Optimization of MGB-Mediated Enhancement of XNTP Polymerization

Using the primer extension reaction described in Example 1, titration experiments were performed to determine the optimal amount of MGB for enhancement of XNTP polymerization. Results from a representative experiment are presented in FIG. 5. These results demonstrate a dose-dependent enhancement with each MGB tested (Hoescht 33258, Hoescht 33342, and Netropsin, ranging from 75 to 600 μM) with the highest concentration showing the most robust enhancement of primer extension. Further titration experiments indicated that 0.6 mM Hoescht 33258 and 0.8 mM Hoescht 33342 demonstrate reliable enhancement of XNTP polymerization.

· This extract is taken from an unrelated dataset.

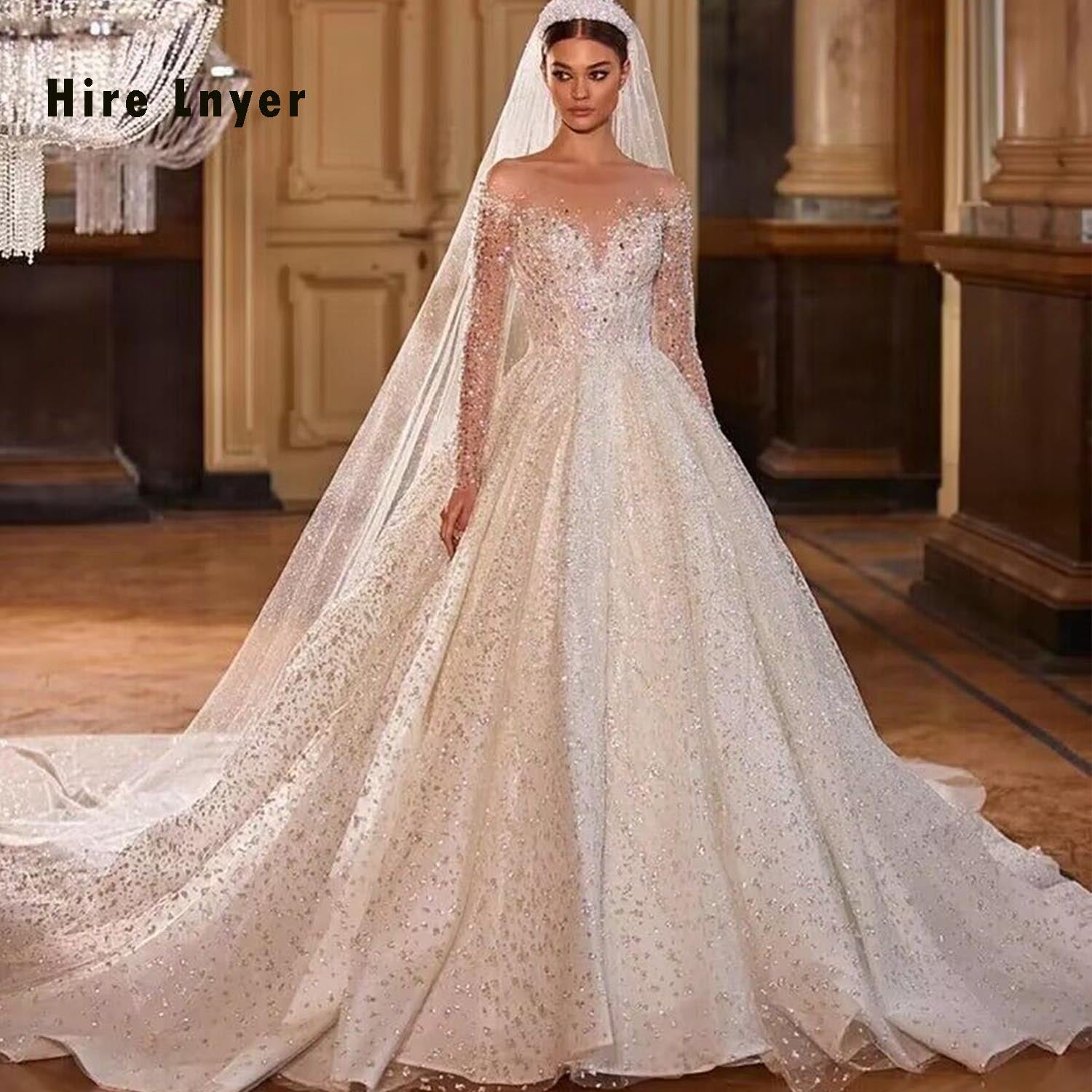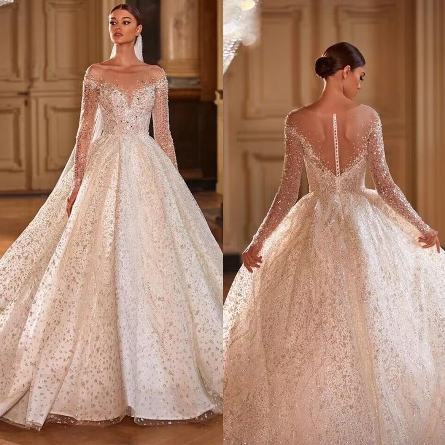 Crystal Beaded Shining Ball Gown Wedding Dress with Long Sleeves and Illusion Back

A representative gel showing these effects is presented in FIG. 6.

Example 3

MGBs Enhance Sequencing by Expansion (SBX)

To investigate the accuracy of enhancement of XNTP polymerization, primer extension products were sequenced using the SBX protocol. Briefly, the constrained Xpandomer products of XNTP polymerization are cleaved to generate linearized Xpandomers. This is accomplished by first quenching the extension reaction with a solution containing 100 mM EDTA, 2 mM THPTA, and 2% Tween-20. Then the sample is subjected to amine modification with a solution of 1 M NaHCO₃ and 1 M succinic anhydride in DMF. Cleavage of the phosphoramidate bonds is carried out with 37% HCl and linearized Xpandomers are purified with QIAquick columns (QIAGEN, Inc.).

For sequencing, protein nanopores are prepared by inserting α-hemolysin into a DPhPE/hexadecane bilayer member in buffer B1, containing 2 M NH₄Cl and 100 mM HEPES, pH 7.4. The cis well is perfused with buffer B2, containing 0.4 M NH₄Cl, 0.6 M GuCl, and 100 mM HEPES, pH 7.4. The Xpandomer sample is heated to 70° C. for 2 minutes, cooled completely, then a 2 μL sample is added to the cis well. A voltage pulse of 90 mV/390 mV/10 μs is then applied and data is acquired via Labview acquisition software.

Sequence data was analyzed by histogram display of the population of sequence reads from a single SBX reaction. The analysis software aligns each sequence read to the sequence of the template and trims the extent of the sequence at the end of the reads that does not align with the correct template sequence. Representative histograms of SBX sequencing of a 45 mer template are presented in FIG. 7A (no additive control) and FIG. 7B (SBX in the presence of Hoescht 33258). As can be seen, in the absence of additive, sequence reads are not accurate past base 20 of the template. Remarkably, addition of the MGB to the SBX reaction increased the accuracy of the sequence reads completely to the end of the 45 mer template.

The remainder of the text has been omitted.